Japanese Patent Laid-Open No. 2003-082010

  An object of the present invention is to provide a living anion that can stably produce a polymer having a narrow molecular weight distribution with stable molecular weight control, without being affected by the combination of polymerization initiator, solvent and monomer types, polymerization temperature, etc. It is providing the manufacturing method of the polymer by a polymerization method.

  As a result of diligent research to solve the above problems, the present inventors have found that an alkali metal salt of thiol becomes an additive for controlling living anionic polymerization stably without being affected by the polymerization environment. The present invention has been completed.

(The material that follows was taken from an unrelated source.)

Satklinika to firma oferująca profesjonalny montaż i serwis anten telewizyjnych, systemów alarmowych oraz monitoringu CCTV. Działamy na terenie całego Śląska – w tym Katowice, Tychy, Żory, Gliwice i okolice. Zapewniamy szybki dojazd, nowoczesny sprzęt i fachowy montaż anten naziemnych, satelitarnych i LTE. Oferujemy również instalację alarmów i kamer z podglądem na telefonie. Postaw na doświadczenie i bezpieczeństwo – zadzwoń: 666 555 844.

  That is, the present invention includes (1) a method for producing a polymer characterized in that living anion polymerization is performed by adding an alkali metal salt of thiol into the system, and (2) an alkali metal salt of thiol is aromatic. (3) The method for producing a polymer according to (1) above, wherein the alkali metal salt of thiol is an alkali metal salt of a nitrogen-containing aromatic thiol. ).

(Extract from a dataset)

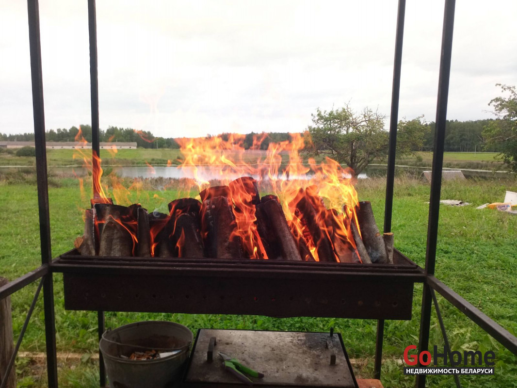 Также есть большая беседка, мангальная зона, коптильня для горячего копчения. Баня по-черному прямо на берегу озера.

  The present invention also provides (4) the method for producing a polymer according to any one of (1) to (3) above, wherein the alkali metal salt of thiol is a lithium salt of thiol, The method for producing a polymer according to any one of the above (1) to (4), wherein an alkali metal salt of thiol is used in an amount of 0.5 equivalent or more with respect to the polymerization initiator, or (6) an organic The present invention relates to the method for producing a polymer as described in any one of (1) to (5) above, wherein a metal compound or an art complex thereof is added to the system.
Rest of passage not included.